[GIVEN MATERIAL]
----------------------------------------

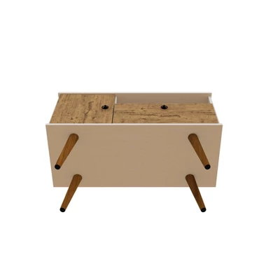 - Includes 2 Concealed Cubby Spaces and 1 Open Shelf
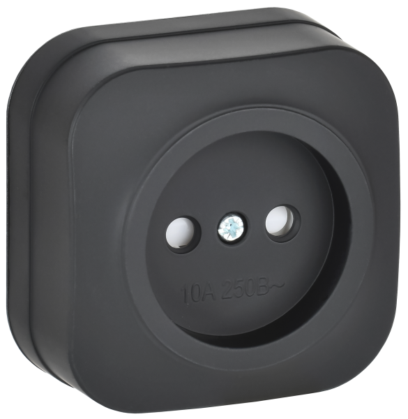 - IEK GLORY Розетка 1-местная для открытой установки без заземления с защитными шторками 10А РСш20-2-ХЧм черный матовый (ERH13-K02M-10)
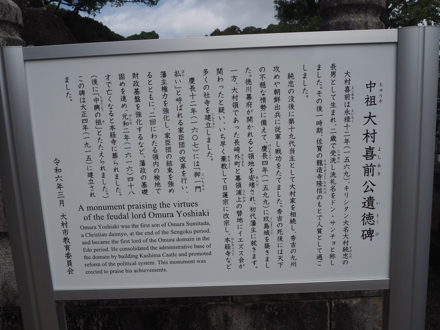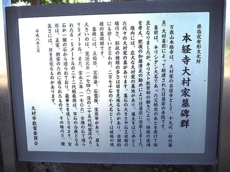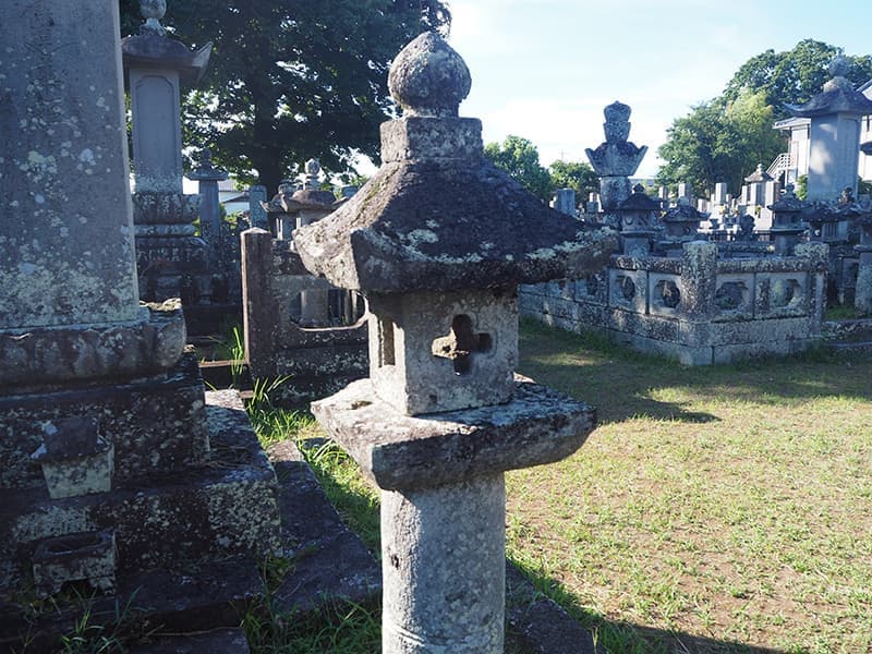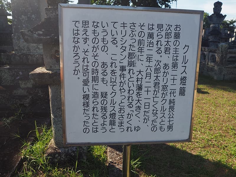 キリシタン大名の大村家の墓地のクルス灯篭はキリスタンの影響
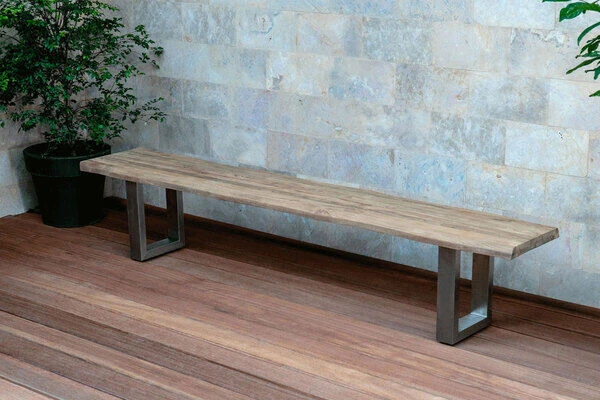 Das Set besteht aus einem Tisch mit den Maßen von ca. 240 x 100 x 76 cm und zwei Bänken mit den Maßen von ca. 240 x 40 x 45 cm. Die Tischplatte sowie die Sitzflächen der Bänke sind aus recyceltem Teakholz gefertigt. Des Weiteren wird die natürliche Baumkante für den Tisch und die Bänke verwendet, wodurch die Esstischgarnitur zu etwas ganz Besonderem wird und zusätzlich die Wertigkeit unterstrichen wird. Für die Gestelle der Esstischgarnitur wurde Edelstahl verwendet. Die Farbkombination aus Silber und naturbelassenem Holz sorgt dafür, dass die Esstischgarnitur zu einem echten Hingucker im zeitlosen Design wird. Die hochwertige Materialkombination aus recyceltem Teakholz und Edelstahl gibt der Esstischgarnitur eine besondere Optik.

----------------------------------------

[AIM OF THE TASK] Repeat all the material above exactly, apart from the pictures.

[OUTPUT FOR THIS EXERCISE]
 - Includes 2 Concealed Cubby Spaces and 1 Open Shelf
 - IEK GLORY Розетка 1-местная для открытой установки без заземления с защитными шторками 10А РСш20-2-ХЧм черный матовый (ERH13-K02M-10)
 キリシタン大名の大村家の墓地のクルス灯篭はキリスタンの影響
 Das Set besteht aus einem Tisch mit den Maßen von ca. 240 x 100 x 76 cm und zwei Bänken mit den Maßen von ca. 240 x 40 x 45 cm. Die Tischplatte sowie die Sitzflächen der Bänke sind aus recyceltem Teakholz gefertigt. Des Weiteren wird die natürliche Baumkante für den Tisch und die Bänke verwendet, wodurch die Esstischgarnitur zu etwas ganz Besonderem wird und zusätzlich die Wertigkeit unterstrichen wird. Für die Gestelle der Esstischgarnitur wurde Edelstahl verwendet. Die Farbkombination aus Silber und naturbelassenem Holz sorgt dafür, dass die Esstischgarnitur zu einem echten Hingucker im zeitlosen Design wird. Die hochwertige Materialkombination aus recyceltem Teakholz und Edelstahl gibt der Esstischgarnitur eine besondere Optik.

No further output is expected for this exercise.